Personal information
- Date of birth: 9 November 1999 (age 26)
- Place of birth: Leiden, Netherlands
- Height: 1.85 m (6 ft 1 in)
- Positions: Forward; winger;

Team information
- Current team: Reims
- Number: 10

Youth career
- 0000–2016: Noordwijk
- 2016–2018: Sparta Rotterdam

Senior career*
- Years: Team / Apps / (Gls)
- 2016–2020: Jong Sparta Rotterdam / 34 / (13)
- 2018–2020: Sparta Rotterdam / 11 / (0)
- 2020–2021: Noordwijk / 1 / (0)
- 2021: Westerlo / 0 / (0)
- 2022–2023: Quick Boys / 52 / (30)
- 2023–2025: Telstar / 59 / (25)
- 2025–2026: NEC / 19 / (3)
- 2026–: Reims / 5 / (2)

International career
- 2019: Morocco U23 / 1 / (0)

= Youssef El Kachati =

Footballer (born 1999)

Youssef El Kachati (يوسف الكشاطي; born 9 November 1999) is a professional footballer who plays as a forward or winger for club Reims. Born in the Netherlands, he has represented Morocco internationally.

==Club career==
===Sparta Rotterdam===
After originally joining Sparta Rotterdam's academy in 2016 from youth club Noordwijk, he signed a one-and-a-half-year professional contract with the club on 16 December 2018. He made his debut in Sparta's first team on 14 October 2018 in a 3–0 Eerste Divisie victory against Cambuur. He came on as a substitute for Ilias Alhaft in the 66th minute and received his first yellow card a minute later for diving.

===Noordwijk===
In 2020, El Kachati returned to Noordwijk to gain playing time in the Tweede Divisie. From in 2021, he moved to Belgium where he represented the under-21 team of Westerlo before joining Quick Boys in the Dutch Tweede Divisie in February 2022.

===Quick Boys===
In the 2022–23 season, El Kachati emerged as a prolific striker and was the top goalscorer of the Tweede Divisie halfway through the season. This sparked interest from clubs in both professional and amateur football. In December 2022, Quick Boys announced that El Kachati, his management, and the club had failed to reach an agreement on a contract extension.

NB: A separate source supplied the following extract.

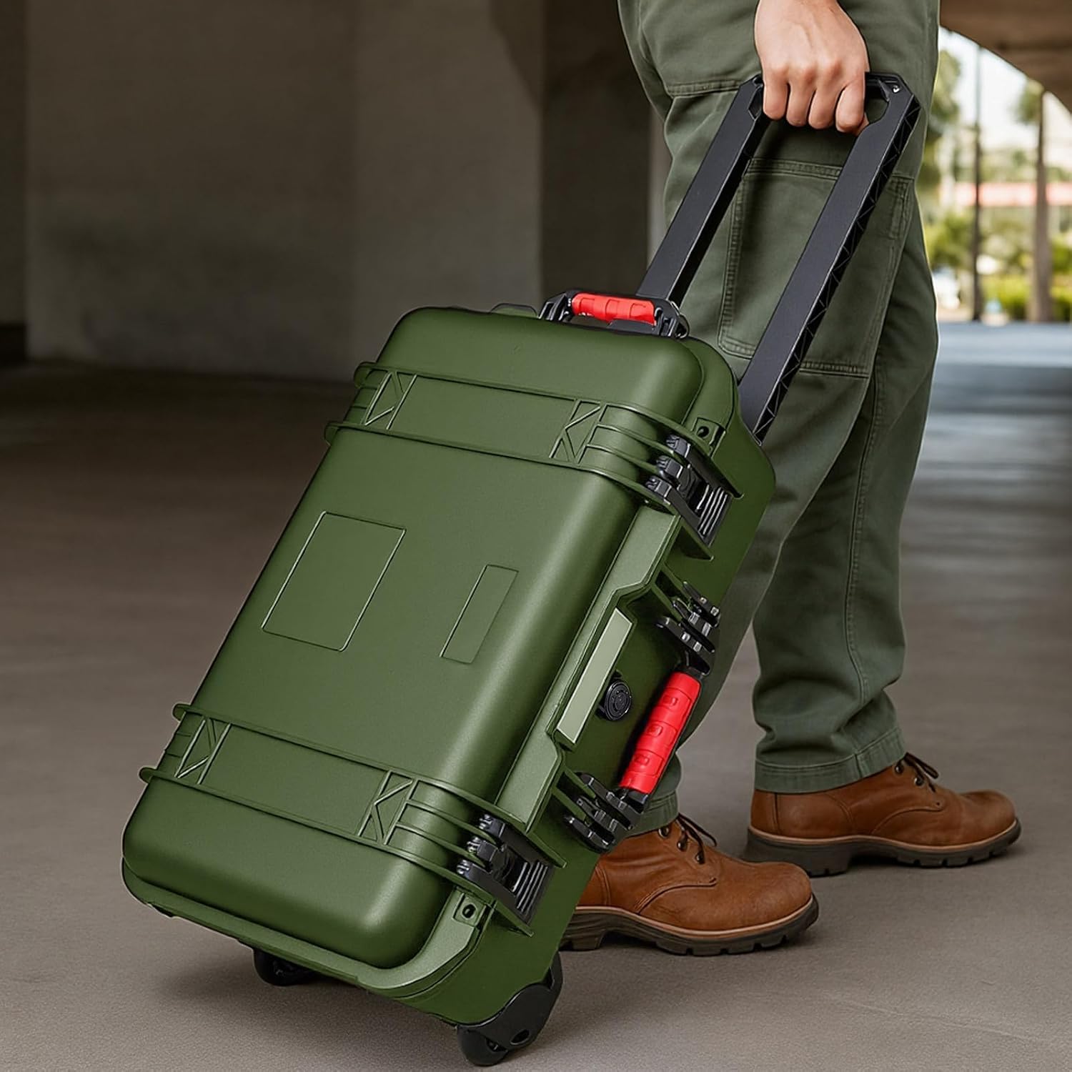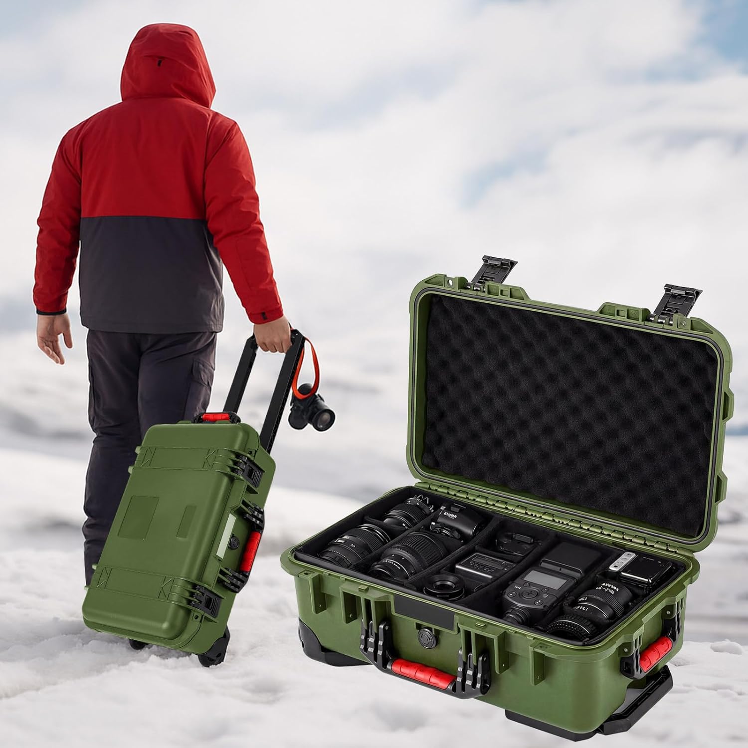 Features: Adjustable foam compartments fit camera, drones, lenses, and gear perfectly Protects cameras, drones, tools, or sensitive electronics from drops, shocks, and weather. Specifications: Material: resin Color: military green Size: External dimensions: about 22.05 x 13.98 x 9.06 inch Internal dimensions: about 20.28 x 11.42 x 7.68 inch Package includes: 1 x Camera hard case Notes: Manual measurement, please allow slight errors on size. The color may exist a slight difference due to different screen displays.

In January 2023, it was announced that El Kachati would be joining IJsselmeervogels for the upcoming season. He signed a contract until mid-2024. However, it later became known that due to an agreement between IJsselmeervogels and Telstar, he would instead be playing for professional Eerste Divisie club Telstar from the 2023–24 season onwards.

===Telstar===
El Kachati made his debut for Telstar on 14 August 2023, starting in a 1–0 league loss on the opening day of the season to Jong PSV. On 2 February 2024, El Kachati scored his first goal for Telstar in a 6–1 loss to MVV. The following week, he scored a brace to help Telstar to a 3–2 victory over Helmond Sport. El Kachati scored six goals in 22 appearances in his debut season for the club.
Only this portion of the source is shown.